### List of articles

# 0 introduce

## 0.1 subject

## 0.2 background

Use multiple instances to learn (*Multi-instance learning, MIL*) Weak supervised video anomaly detection (*Viswo anomaly detection, VAD*) Usually based on the fact that the abnormal score of the abnormal segment is higher than that of the normal segment .** At the beginning of model training , Due to the lack of accuracy of the model, it is easy to select the wrong abnormal segment **.

## 0.3 Method

1） In order to reduce the probability of wrong choice , A multi sequence learning algorithm is proposed (*Multi-sequence learning, MSL*) Method and a method based on MSL Sort loss , It uses a sequence of multiple fragments as an optimization unit ;

2） A transformation based MSL Network to learn both video level abnormal probability and segment level abnormal score ;

3） In the reasoning stage , Video abnormal probability is used to suppress the fluctuation of abnormal score at segment level ;

4） because VAD Need to predict segment level exception scores , By gradually reducing the length of the selected sequence , A self training strategy is proposed to refine the abnormal score step by step .

## 0.4 Bib

```
@inproceedings{
Li:2022:self,
author = {
Shuo Li and Fang Liu and Li Cheng Jiao},
title = {
Self-training multi-sequence learning with Transformer for weakly supervised video anomaly detection},
journal = {
{
AAAI} Conference on Artificial Intelligence},
year = {
2022}
}
```

# 1 Algorithm

## 1.1 Symbols and problem statements

In weak supervision VAD field , The video annotation information is only given at the video level . That is, when the video contains abnormal information, it is marked as 1 ( just ), Instead of 0 ( negative ). Given an inclusion $T$ Video clips $V={v_{i}}_{i=1}$, Its video level label is $Y∈{0,1}$. be based on MIL Method will $V$ As a package ,$v_{i}$ As an example . therefore , A positive video is regarded as a positive package $B_{a}=(a_{1},a_{2},…,a_{T})$, A negative video is considered a negative packet $B_{n}=(n_{1},n_{2},…,n_{T})$.

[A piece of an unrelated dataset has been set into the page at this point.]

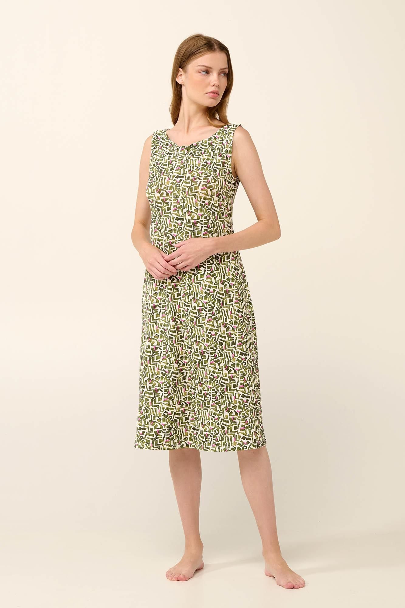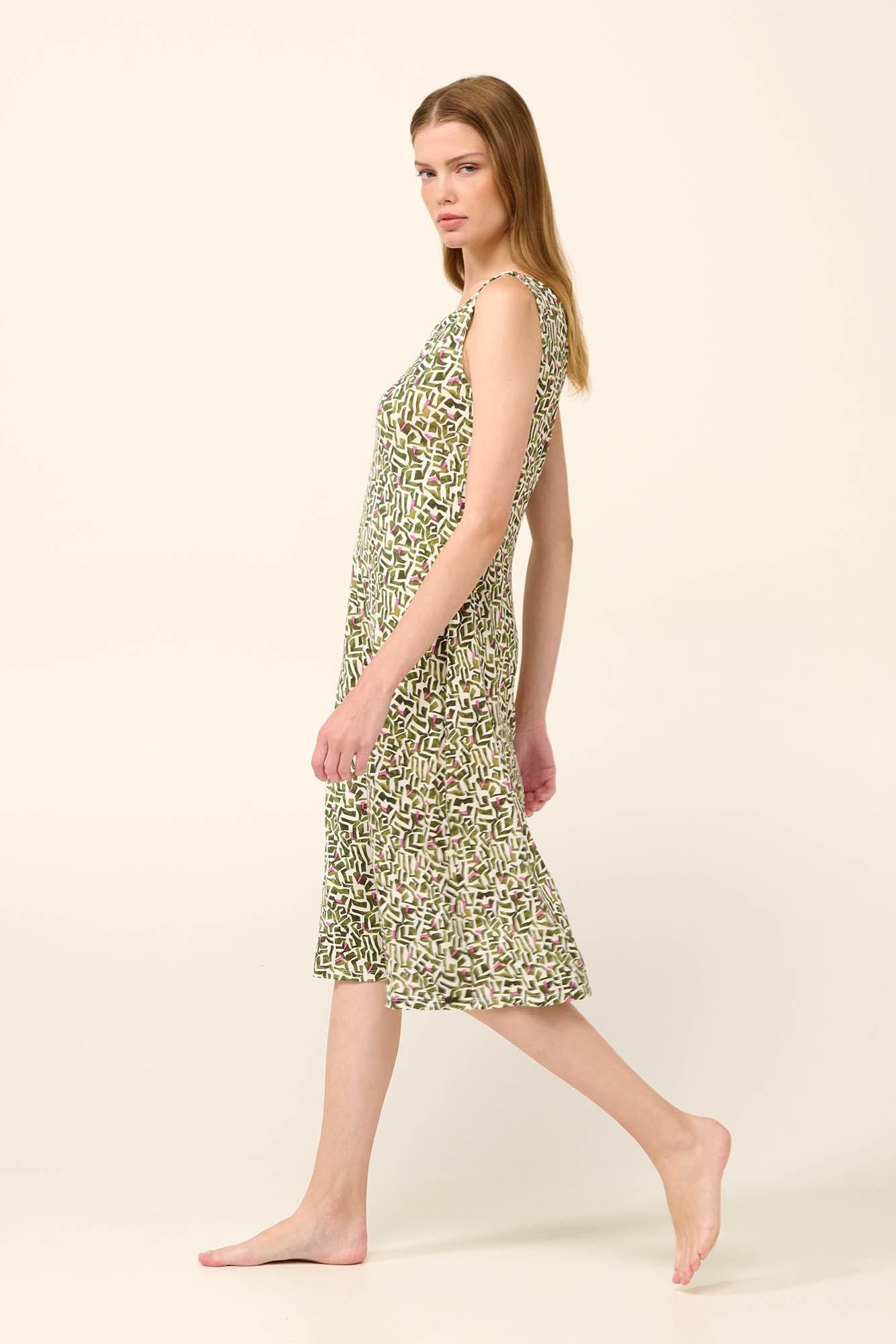 This retro style summer weight nightgown features a striking geometric print and a sleeveless design. With a regular fit, it offers comfort and ease on warm nights. Made from soft micromodal, it feels light and breathable. Ideal for lounging or sleeping, this nightgown combines stylish design and practicality for a chic addition to your summer sleepwear collection.

VAD Of ** The goal is ** Is to learn a method of mapping fragments to $[0,1]$ A function of an interval $f_{θ}$. be based on MIL Of VAD** hypothesis ** The abnormal score of abnormal segment is higher than that of normal segment .Sultani People will VAD As an abnormal scoring problem , A sort objective function and MIL Sort loss ：

$i∈B_{a}max f_{θ}(a_{i})>i∈B_{n}max f_{θ}(n_{i}).(1)$$L(B_{a},B_{n})=max(0,i∈B_{a}max f_{θ}(a_{i})−i∈B_{n}max f_{θ}(n_{i})).(2)$ In order to make the gap between positive instances and negative instances as large as possible ,Sultani Provides a ** Hinge loss function **：

$L(B_{a},B_{n})=max(0,1−i∈B_{a}max f_{θ}(a_{i})+i∈B_{n}max f_{θ}(n_{i})).(3)$ At the beginning of optimization ,$f_{θ}$ It requires a certain ability of abnormal prediction , Otherwise it will select a normal instance as the exception instance . In this case of error , The error will be extended to the whole training process . Besides , The abnormal part is usually multiple consecutive fragments , But based on MIL The method does not consider this a priori .

## 1.2 MSL

To alleviate the above MIL The inadequacy of the method , We put forward a novel MSL Method . Such as chart 2 Shown , Given contains $T$ Video clips $V={v_{i}}_{i=1}$, First, through the mapping function $f_{θ}$ The abnormal score curve is predicted . Hypothesis number 1 5 Clips have the largest abnormal score $f_{θ}(v_{5})$. Based on MIL The methods of , The first 5 Pieces will be selected to optimize the network . In what is proposed MSL in , We provided one ** Sequence selection method **, It will select include $K$ A sequence of consecutive fragments . In particular , We calculated $K$ The average of the anomaly scores of all possible sequences of consecutive fragments ：

$S={s_{i}}_{i=1},s_{i}=K1 k=0∑K_{1} f_{θ}(v_{i+k}),(4)$ among $s_{i}$ Says from the first $i$ The average abnormal score at the beginning of each segment . then , The sequence with the largest outlier score will be selected , namely $max_{s_{i}∈S}s_{i}$.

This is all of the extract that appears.